As a criminal defense attorney in Los Angeles, I can tell you that mortgage fraud is something else entirely. While it remains to be seen whether anyone associated with major banking institutions will be criminally charged for their role in processing dubious mortgage applications, charges of mortgage fraud generally involve the applicant rather than the bank.
In California mortgage fraud cases involve a variety of related charges; mortgage fraud is more than one thing, and it almost always involves allegations that several laws were broken.
Yesterday’s arrest of nine people is a good example of how mortgage fraud cases are charged. The nine are accused of committing fraud in connection with the sale of six houses, and netting $2.4 million in the process. Here’s how their arrests were reported by the Los Angeles Times.
“The suspects are accused of obtaining titles to the residential properties, taking out loans in the names of straw buyers, and selling the homes at inflated prices, the Los Angeles County Sheriff’s Department said.
Two of the loans were in names of identity fraud victims, authorities said.
In allegedly carrying out the scheme, the suspects used false bank account and employment documents, according to authorities.”
The essence of mortgage fraud is an allegation that the accused lied on their mortgage application. The lie or misrepresentation has to be material, and can include withholding information from the bank or other institution that is reviewing the application. Because the lie is alleged to have been made for financial motives, and a way to obtain money, mortgage fraud cases almost always include grand theft charges (California Penal Code section 487a). This is punishable by a three-year sentence per violation.

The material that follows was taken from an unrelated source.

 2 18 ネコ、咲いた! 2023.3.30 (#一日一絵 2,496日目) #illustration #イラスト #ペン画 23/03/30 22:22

There are common fact patterns in mortgage fraud cases, and the charges described above include two of them. One is that a straw buyer was used. When the bank is unlikely to accept the application of a buyer, oftentimes because of a bad or incomplete credit history, a different person (the straw man or woman) is named on the application.

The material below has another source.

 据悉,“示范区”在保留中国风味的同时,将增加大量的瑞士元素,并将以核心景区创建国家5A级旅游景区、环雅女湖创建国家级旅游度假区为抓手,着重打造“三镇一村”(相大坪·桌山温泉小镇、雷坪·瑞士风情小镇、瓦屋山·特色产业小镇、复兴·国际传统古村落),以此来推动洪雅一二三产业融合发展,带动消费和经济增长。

This case also includes allegations that the purchase price of the house was inflated. This is where the straw (and potentially others) resell the property at successively higher prices.
In addition to grand theft, mortgage fraud cases can involve the following charges: identity theft, forgery, recording a false or fraudulent financial instrument, as well as notary fraud and escrow theft.
Given the number of people who were arrested, this case also involves conspiracy charges. It won’t be surprising, therefore, if prosecutors consider using the testimony of “smaller fish” in an effort to build a stronger case against the perceived leaders of the conspiracy.
This case is a good example of how mortgage fraud cases are much more complicated than they first appear.